== Source data ==

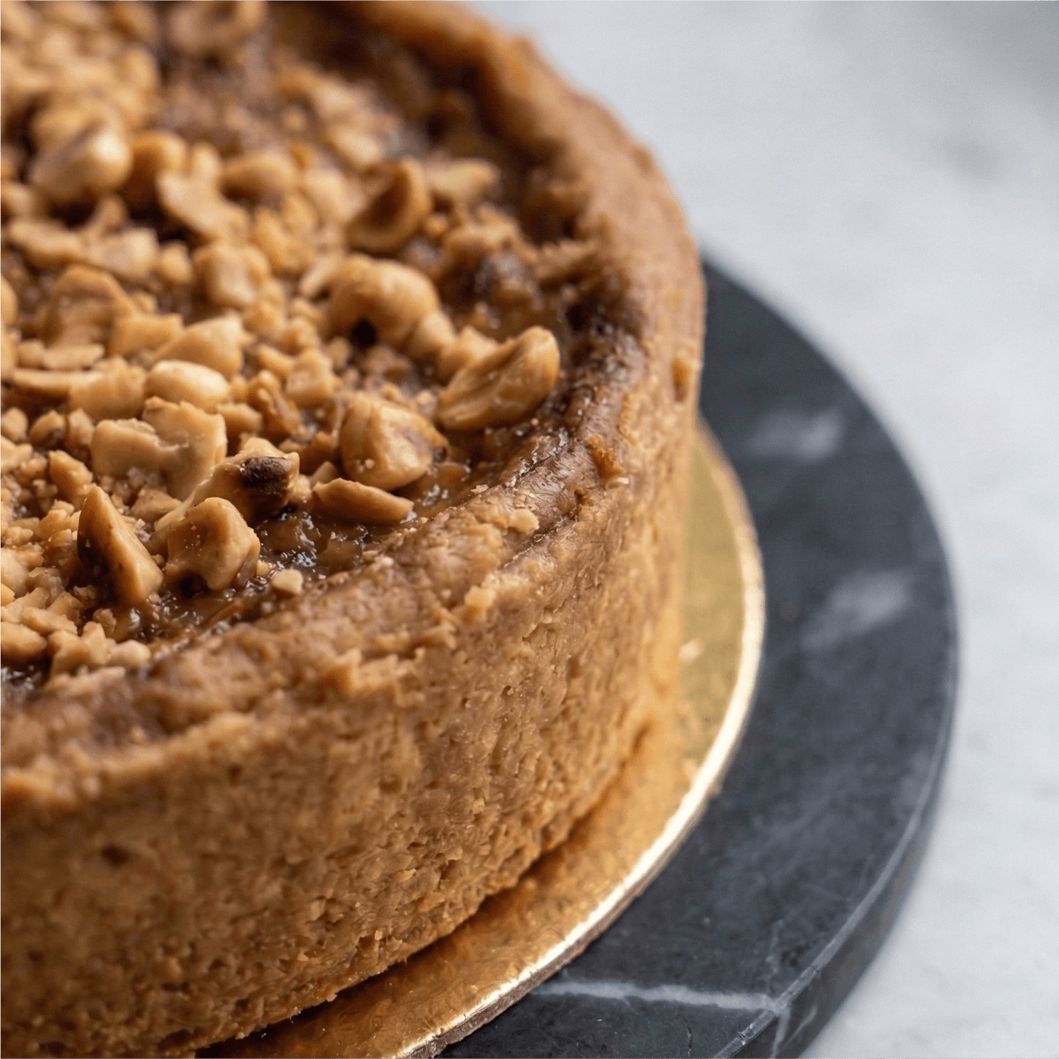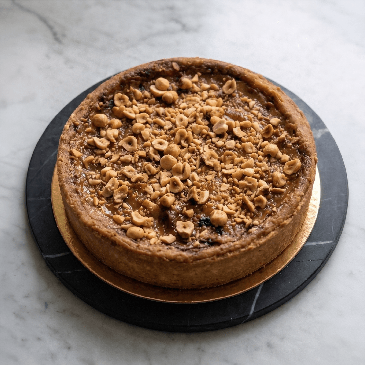 Pâte brisée pur beurre, appareil crémeux au chocolat au lait, praliné, noisettes.
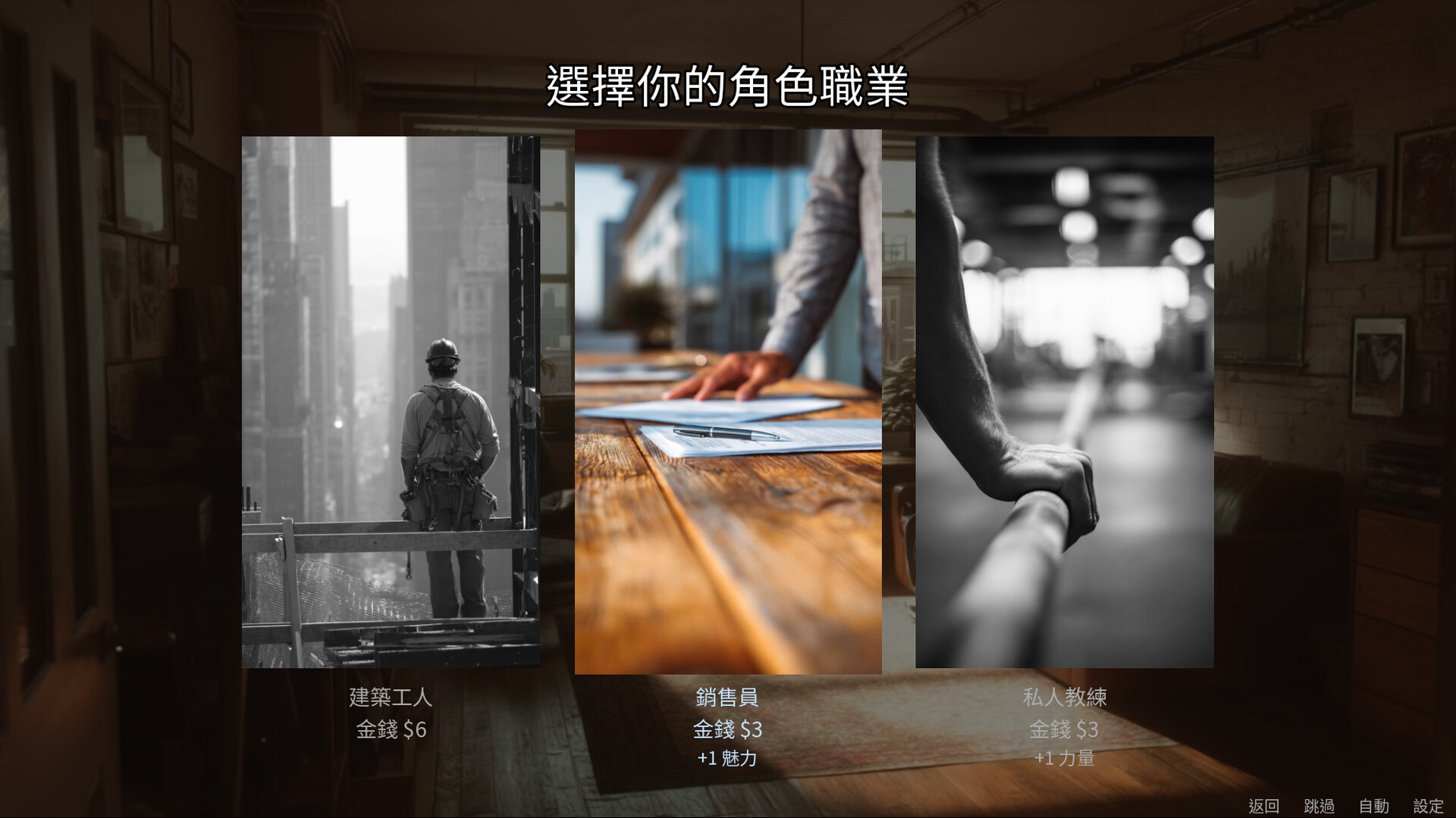 選擇你的背景 — 建築工人(金錢💵)、私人教練(力量💪)或銷售員(魅力😎)— 管理你的屬性來解鎖獨特的對話選項。在約會之間做出決定:加班加點賺錢還是投資於自我提升?你的屬性直接影響每位女性對你的反應。
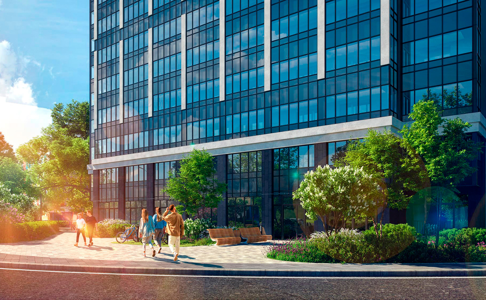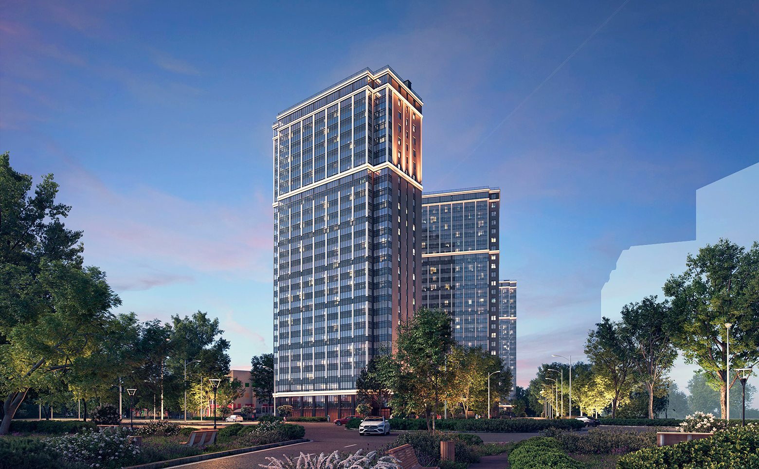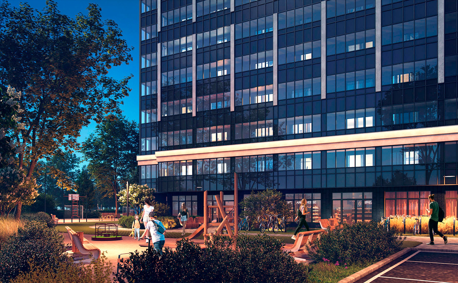 Благоустройство ЖК предусматривает круглогодичные зеленые растения и деревья. Во дворе расположены свои детский сад и школа. Для спорта и отдыха созданы специальные интерактивные пространства. Во дворе и на территории домов ведется круглосуточное видеонаблюдение. На первых этажах расположены коммерческие помещения. Для владельцев автомобилей предусмотрена стоянка. В подземной части домов находится 160 индивидуальных кладовых помещений.
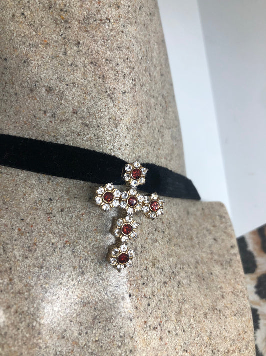 Vintage Bohemian Garnet Cross Choker 925 Sterling Silver Pendant Necklace

== What you should do ==
Find the line containing "Благоустройство ЖК предусматривает" in the listing above. Please restate word for word that line through the last one, leaving out the pictures.

== Task result ==
 Благоустройство ЖК предусматривает круглогодичные зеленые растения и деревья. Во дворе расположены свои детский сад и школа. Для спорта и отдыха созданы специальные интерактивные пространства. Во дворе и на территории домов ведется круглосуточное видеонаблюдение. На первых этажах расположены коммерческие помещения. Для владельцев автомобилей предусмотрена стоянка. В подземной части домов находится 160 индивидуальных кладовых помещений.
 Vintage Bohemian Garnet Cross Choker 925 Sterling Silver Pendant Necklace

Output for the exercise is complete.